|Brown, Joel - NRCS|
Submitted to: Annual Conference of the Quivira Coalition Proceedings
Publication Type: Popular Publication
Publication Acceptance Date: October 15, 2005
Publication Date: August 3, 2005
Citation: Bestelmeyer, B., Brown, J. 2005. State-and-transition models 101: A fresh look at vegetation change. The Quivira Coalition Newsletter. 7(3):6-11. Interpretive Summary: No interpretive summary required.

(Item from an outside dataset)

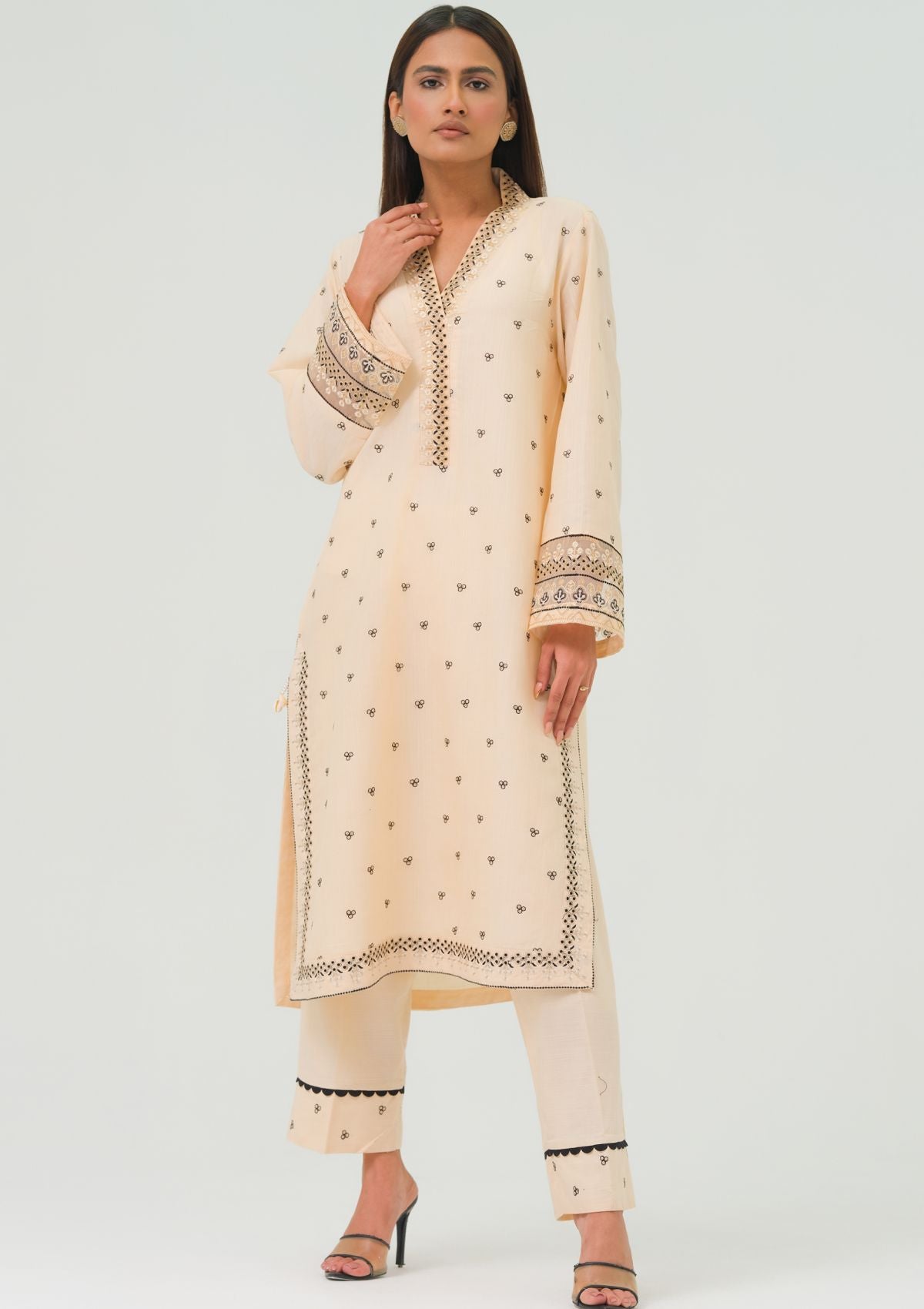 The dress is off-white with a soft, creamy hue that provides a classic and understated base. It features intricate black embroidery that adds striking contrast and detailed patterns to the fabric. This mirror work catches and reflects light, creating a subtle sparkle and adding a touch of glamour to the dress. The combination of the off-white color, black embroidery, and mirror accents results in a refined and elegant piece that balances simplicity with a hint of dazzling detail.

Technical Abstract: State-and-transition models are part of a new framework for evaluating the condition of rangelands, anticipating vegetation change, and planning land management. Government agencies, scientists, non-governmental organizations, and ranchers are involved in developing this framework. Why should you care? First, a clear understanding of vegetation change is critical. It lies at the center of the conflict (and cooperation) with which many of us are involved. It affects our bottom line, our interactions with others, and our ways of life. If you have ever wondered why vegetation has changed the way it has, what it used to look like, or what it could look like in the future, then you could probably use a state-and-transition model (hereafter, STM). Second. it is important to realize that both new scientific and policy developments will be connected to the concepts underlying STMs. Even an Undersecretary of the Interior Department and the director of the Bureau of Land Management (BLM) have publicly advocated the uses of STMs. The Nature Conservancy is also using STMs to prioritize conservation efforts. Alongside rangeland health, STM concepts will be part of the common language of natural resource management for years to come.